*AIM OF THE TASK*
Below are some records. Return exactly the lines from the one with "Bidirectional Symmetrical (BiSy)" to the one with "格好良い牙のある黄色と黒色の歩脚が特徴的な昆虫です。", and nothing else.

*DATA TO PROCESS*
▶
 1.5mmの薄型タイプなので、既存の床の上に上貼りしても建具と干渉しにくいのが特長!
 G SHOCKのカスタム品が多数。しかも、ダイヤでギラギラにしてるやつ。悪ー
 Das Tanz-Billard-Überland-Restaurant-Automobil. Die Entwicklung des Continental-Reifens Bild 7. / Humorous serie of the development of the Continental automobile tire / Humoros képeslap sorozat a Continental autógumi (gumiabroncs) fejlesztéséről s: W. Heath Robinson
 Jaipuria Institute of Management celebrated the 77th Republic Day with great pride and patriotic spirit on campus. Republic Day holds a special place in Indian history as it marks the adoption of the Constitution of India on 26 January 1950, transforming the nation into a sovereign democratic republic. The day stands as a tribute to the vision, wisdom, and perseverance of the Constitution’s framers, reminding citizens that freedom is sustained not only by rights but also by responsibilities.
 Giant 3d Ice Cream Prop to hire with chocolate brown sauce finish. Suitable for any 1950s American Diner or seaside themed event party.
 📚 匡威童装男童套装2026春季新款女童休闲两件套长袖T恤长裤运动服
◀
▶
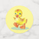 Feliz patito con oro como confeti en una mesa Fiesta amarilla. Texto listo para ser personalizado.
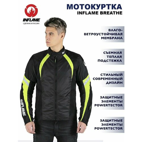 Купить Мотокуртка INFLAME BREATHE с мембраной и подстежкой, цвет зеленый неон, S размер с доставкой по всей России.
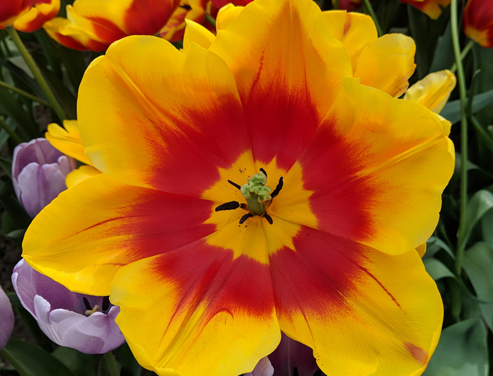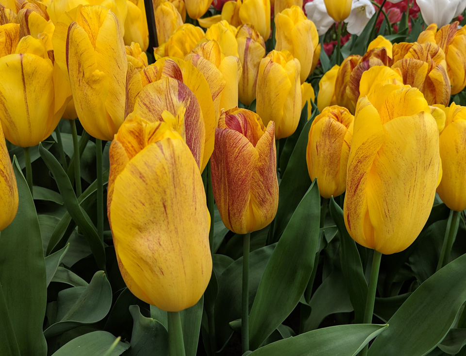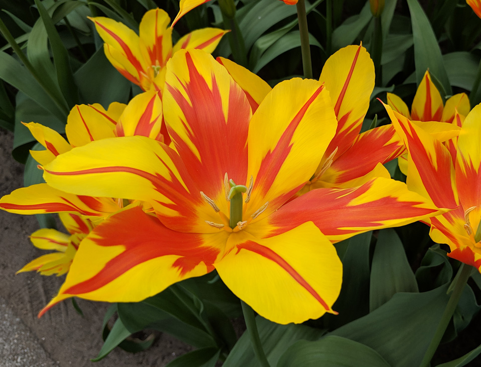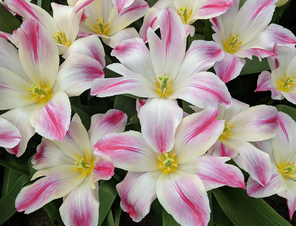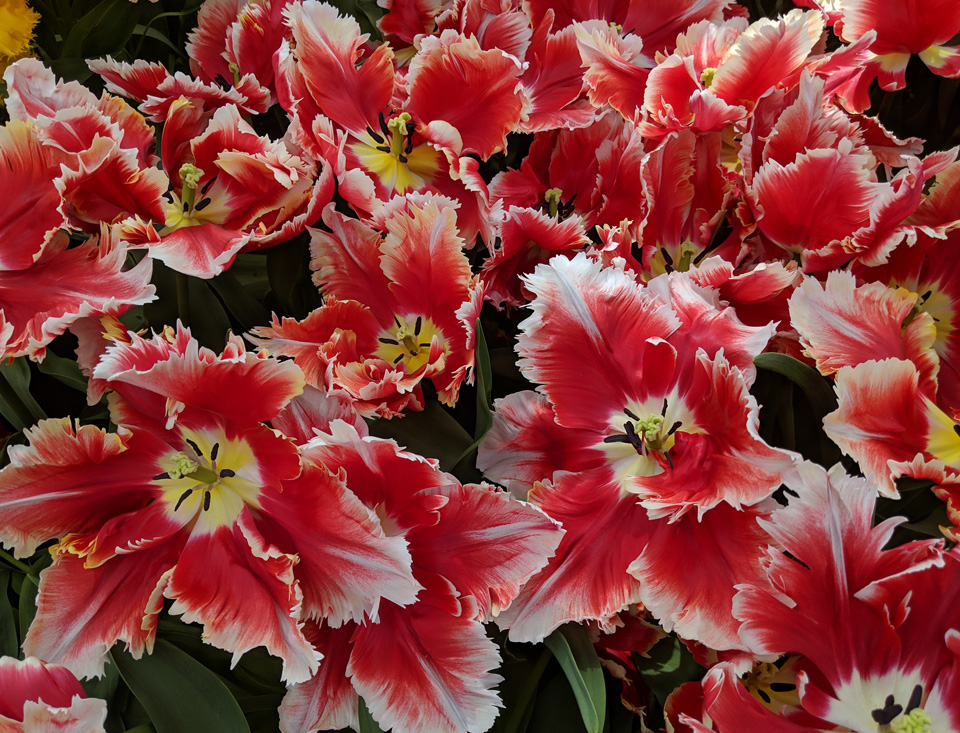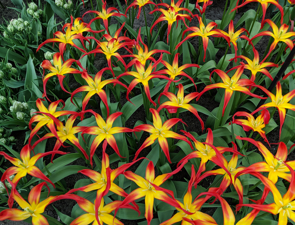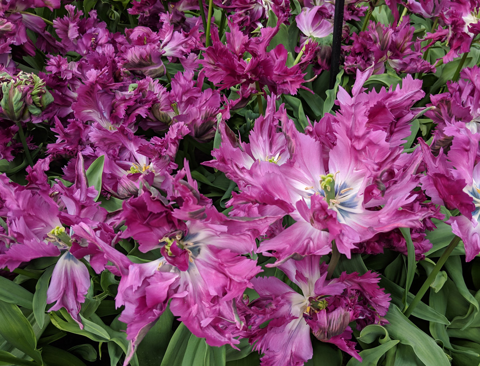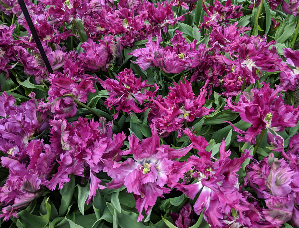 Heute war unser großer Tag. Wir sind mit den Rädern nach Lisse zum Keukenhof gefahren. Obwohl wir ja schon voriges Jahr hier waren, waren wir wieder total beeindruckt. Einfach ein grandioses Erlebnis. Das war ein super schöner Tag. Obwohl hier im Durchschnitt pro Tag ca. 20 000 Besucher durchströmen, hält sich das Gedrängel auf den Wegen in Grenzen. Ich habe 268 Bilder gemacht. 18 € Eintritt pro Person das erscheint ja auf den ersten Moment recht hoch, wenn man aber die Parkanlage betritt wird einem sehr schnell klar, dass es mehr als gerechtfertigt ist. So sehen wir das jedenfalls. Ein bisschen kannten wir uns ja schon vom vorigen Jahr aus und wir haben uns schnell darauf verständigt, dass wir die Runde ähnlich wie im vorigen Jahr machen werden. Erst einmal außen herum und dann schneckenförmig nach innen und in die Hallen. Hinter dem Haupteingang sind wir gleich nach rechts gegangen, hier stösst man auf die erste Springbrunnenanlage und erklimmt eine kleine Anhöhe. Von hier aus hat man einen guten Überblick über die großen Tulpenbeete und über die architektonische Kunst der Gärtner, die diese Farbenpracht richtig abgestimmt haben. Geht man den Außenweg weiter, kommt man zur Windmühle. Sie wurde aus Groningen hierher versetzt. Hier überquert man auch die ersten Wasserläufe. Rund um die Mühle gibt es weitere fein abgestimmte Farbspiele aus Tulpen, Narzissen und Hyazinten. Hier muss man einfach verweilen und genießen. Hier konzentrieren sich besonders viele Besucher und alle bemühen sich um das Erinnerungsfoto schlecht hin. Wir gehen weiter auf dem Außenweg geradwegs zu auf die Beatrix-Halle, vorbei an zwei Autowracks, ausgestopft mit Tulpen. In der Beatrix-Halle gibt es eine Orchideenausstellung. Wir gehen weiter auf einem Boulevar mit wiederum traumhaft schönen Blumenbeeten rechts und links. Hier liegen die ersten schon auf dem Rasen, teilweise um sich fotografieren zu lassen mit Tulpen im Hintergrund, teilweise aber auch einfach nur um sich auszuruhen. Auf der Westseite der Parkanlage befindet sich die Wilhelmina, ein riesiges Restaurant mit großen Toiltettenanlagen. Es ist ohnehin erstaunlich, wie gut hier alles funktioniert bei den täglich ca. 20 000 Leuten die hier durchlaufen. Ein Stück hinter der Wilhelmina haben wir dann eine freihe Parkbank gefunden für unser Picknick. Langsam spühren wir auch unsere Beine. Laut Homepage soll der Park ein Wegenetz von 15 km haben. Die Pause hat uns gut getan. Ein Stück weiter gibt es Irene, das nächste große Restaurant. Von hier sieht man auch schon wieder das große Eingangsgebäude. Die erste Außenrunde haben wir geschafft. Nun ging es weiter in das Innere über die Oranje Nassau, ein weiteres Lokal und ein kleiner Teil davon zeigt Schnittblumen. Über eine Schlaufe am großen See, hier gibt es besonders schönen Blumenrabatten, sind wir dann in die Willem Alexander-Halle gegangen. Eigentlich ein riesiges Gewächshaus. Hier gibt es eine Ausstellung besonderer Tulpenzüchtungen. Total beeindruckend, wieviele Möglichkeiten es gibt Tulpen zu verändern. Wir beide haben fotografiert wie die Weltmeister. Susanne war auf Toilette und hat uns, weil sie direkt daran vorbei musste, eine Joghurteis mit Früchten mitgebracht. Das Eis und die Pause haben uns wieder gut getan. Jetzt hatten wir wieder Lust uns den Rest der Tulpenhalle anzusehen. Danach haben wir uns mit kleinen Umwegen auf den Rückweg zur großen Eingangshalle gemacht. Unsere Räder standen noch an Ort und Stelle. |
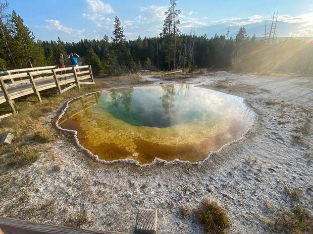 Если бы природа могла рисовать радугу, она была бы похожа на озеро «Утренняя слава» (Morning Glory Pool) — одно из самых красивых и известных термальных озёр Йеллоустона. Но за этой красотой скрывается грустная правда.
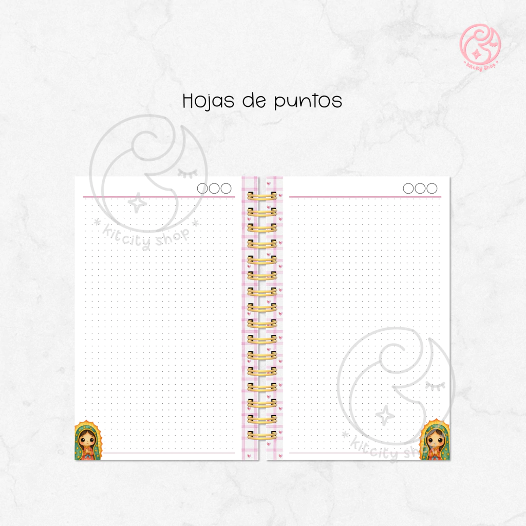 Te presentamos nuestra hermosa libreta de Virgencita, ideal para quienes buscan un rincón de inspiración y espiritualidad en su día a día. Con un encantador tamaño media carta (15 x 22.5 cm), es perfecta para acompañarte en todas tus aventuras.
◀
▶
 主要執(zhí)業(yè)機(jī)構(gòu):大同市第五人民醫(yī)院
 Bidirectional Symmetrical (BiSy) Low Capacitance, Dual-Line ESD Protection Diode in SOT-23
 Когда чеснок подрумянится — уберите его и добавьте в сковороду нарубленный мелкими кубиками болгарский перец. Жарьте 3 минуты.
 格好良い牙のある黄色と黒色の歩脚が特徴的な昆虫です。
◀
*ANSWER BELOW*
 Bidirectional Symmetrical (BiSy) Low Capacitance, Dual-Line ESD Protection Diode in SOT-23
 Когда чеснок подрумянится — уберите его и добавьте в сковороду нарубленный мелкими кубиками болгарский перец. Жарьте 3 минуты.
 格好良い牙のある黄色と黒色の歩脚が特徴的な昆虫です。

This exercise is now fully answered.